What the Hancock-Rinehart family has done (and continues to do) is being replicated by the Forrest family, which traces its roots back to a political leader, Sir John Forrest, who led WA into the Australian federation, and is now represented by Andrew Forrest, who is busy building one of Australia’s biggest businesses.

While Hancock was trying to build his iron ore business, other business people were busy developing companies that dominate WA business today, including Geoff Donaldson, who kept Woodside Petroleum alive in its formative years before the development of the North West Shelf oil and gas project.

Stan Perron, a man who had tried almost every way imaginable to create a viable business, found that Japan was as much his friend as it was the iron ore miners’.

The founder of Japan’s Toyota car company awarded Mr Perron a distributorship for a range of cars, which, while foreign to Australian tastes in the 1960s, are ubiquitous today.

Mr Perron has used his car-sales revenue to amass one of Australia’s biggest property portfolios.

Kerry Stokes is another example of the self-made man rising to the top.

A television antenna installer in his youth, Mr Stokes has emerged as the major shareholder in a television network (Seven), which also owns WA’s morning daily newspaper.

Other business names of significance include:

• Ric New, who created the modern WA brickmaking industry as co-founder of Midland Brick;

• Rod Jones, who has made education an industry through Navitas;

• Michael and Patricia Kailis, who put WA fishing and pearl production on the world map;

• Len Buckeridge, an architect who perfected the concept of affordable housing and built a construction and building materials empire around his original idea (which had started as an academic thesis);

• Chris Ellison, who is using engineering skills to build a mineral processing business in Mineral Resources;

Fiona Wood and Fiona Stanley, who have pioneered developments in WA’s medical sector; and

• Michael Malone who created WA’s most successful internet company, iiNet.
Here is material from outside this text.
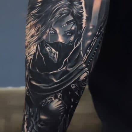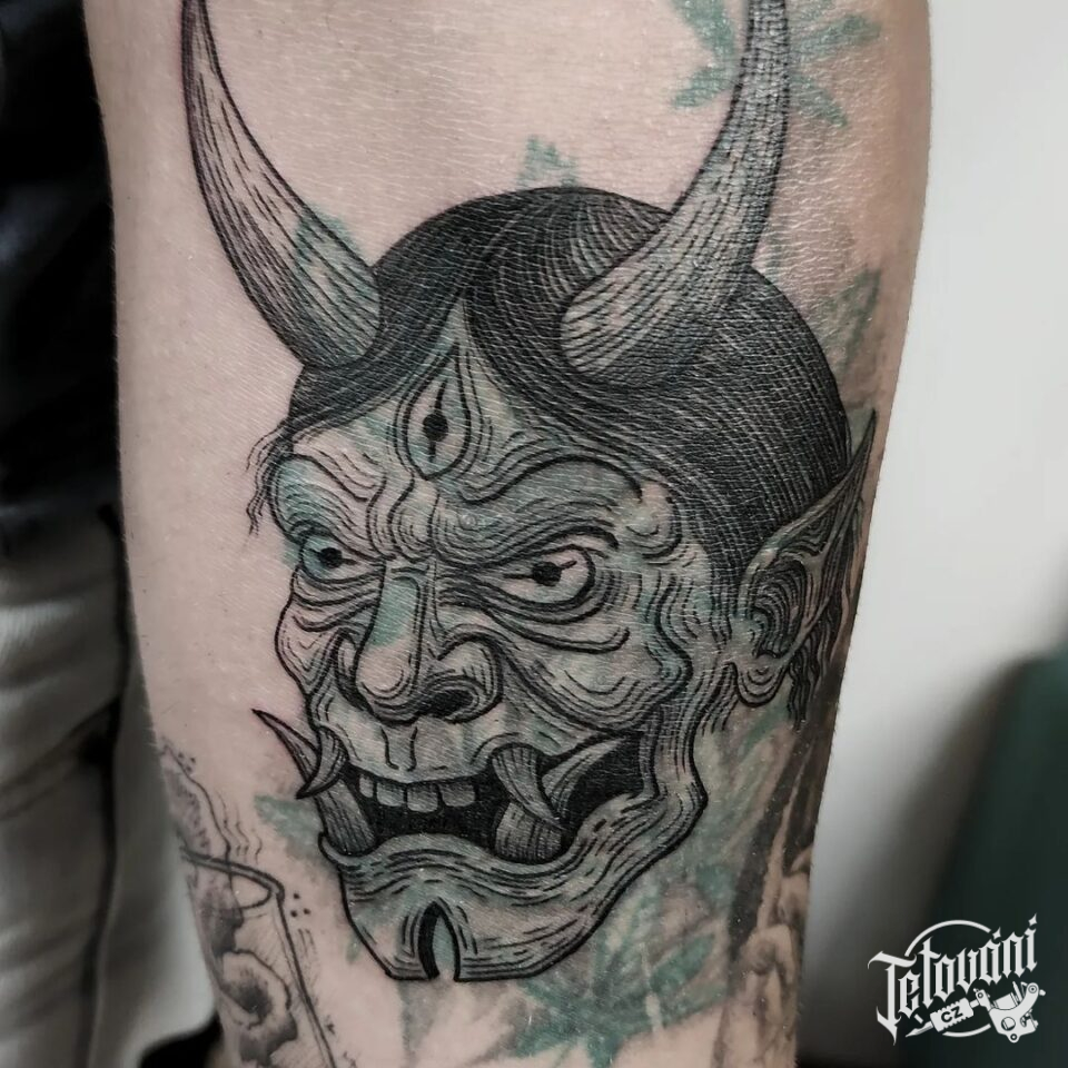 Tetování maska samuraje na předloktí

There have been plenty of questionable deals on the way to creating the WA business community of 2018, not least being the outrageous relationship formed by the WA government with a coterie of business leaders after the 1987 stock market crash.

Fiona Wood pioneered spray-on skin to treat burns victims. Photo: Attila Csaszar

Launched as an attempt to rescue the ailing business interests of Bond, Connell and Holmes à Court, the WA Inc years led to the state itself being tipped to the edge of insolvency, followed by a slow period of recuperation.

What’s emerged since the recovery took hold, aided by China’s industrial revolution and seemingly insatiable demand for WA’s raw materials, is business leadership dressed in corporate colours.

It’s the chief executives of big companies who are, rightly or wrongly, today’s business heroes.

People such as Michael Chaney, Richard Goyder and Trevor Eastwood have been instrumental in building WA’s most successful non-mining company, Wesfarmers, a job now in the hands of Rob Scott.

The difference between the modern corporate leaders and the business builders is that they generally lack skin in the game.

They are effectively the hired help, using other people’s money, not their own capital, to build a company.

Less obvious is a group of leaders who might easily be called the faceless men and women, because while they work for major WA-based businesses, no-one outside the corporate silos in which they operate knows much about them (and they all report to a head office somewhere else).

The Perth staff at Rio Tinto, which played a key role in the creation of the iron ore industry, report to London; BHP staff report to Melbourne; Alcoa staff report to New York; and Chevron staff report to San Ramon, California.

If you’re looking for a WA business hero in those corporations you might need a microscope.